▶ _The data_
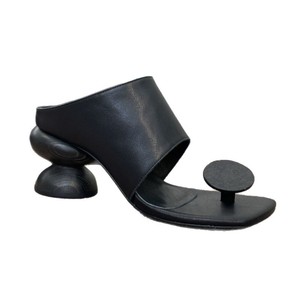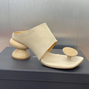 外国貿易ウマハイヒールビーチサンダル、ウォッシュドスクエアトゥ無垢材太ヒール、ウマワンハイヒールサンダル
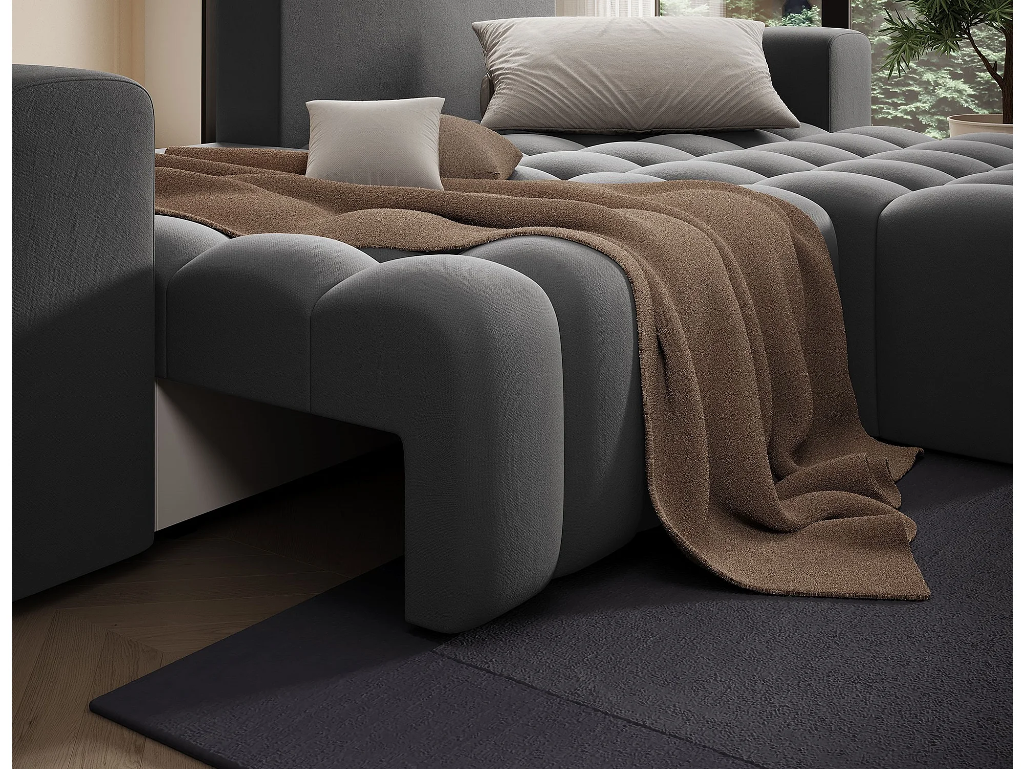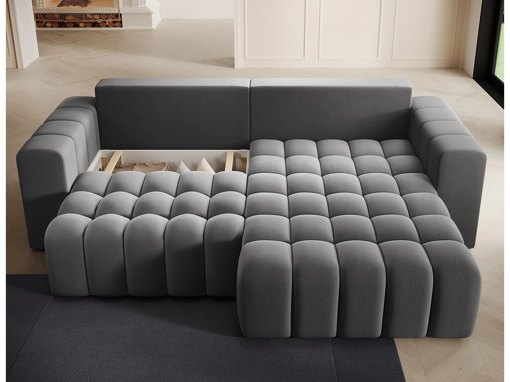 Canapé d’angle velours capitonné BOZEN – Convertible et rangement-Gris foncé-angle droit
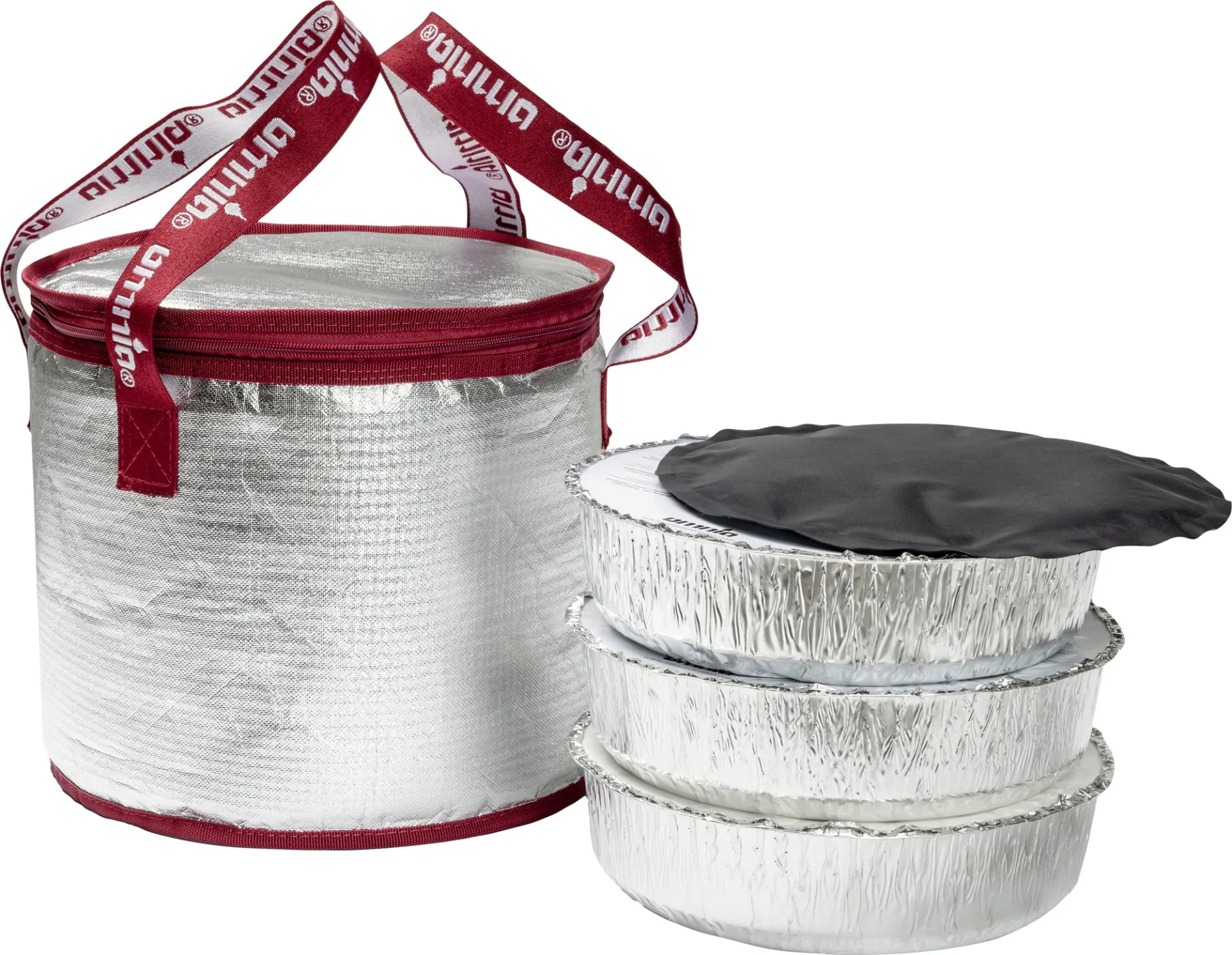 Eine praktische und stilvolle Kühltasche mit Griffen. Entwickelt, um bis zu drei Omnia Classic Aluminiumbehälter aufzunehmen. Der Kühlakku ist im Lieferumfang enthalten.

▶ _What to do_
The answer should contain every line of the material exactly as written and no pictures.

▶ _Response below_
 外国貿易ウマハイヒールビーチサンダル、ウォッシュドスクエアトゥ無垢材太ヒール、ウマワンハイヒールサンダル
 Canapé d’angle velours capitonné BOZEN – Convertible et rangement-Gris foncé-angle droit
 Eine praktische und stilvolle Kühltasche mit Griffen. Entwickelt, um bis zu drei Omnia Classic Aluminiumbehälter aufzunehmen. Der Kühlakku ist im Lieferumfang enthalten.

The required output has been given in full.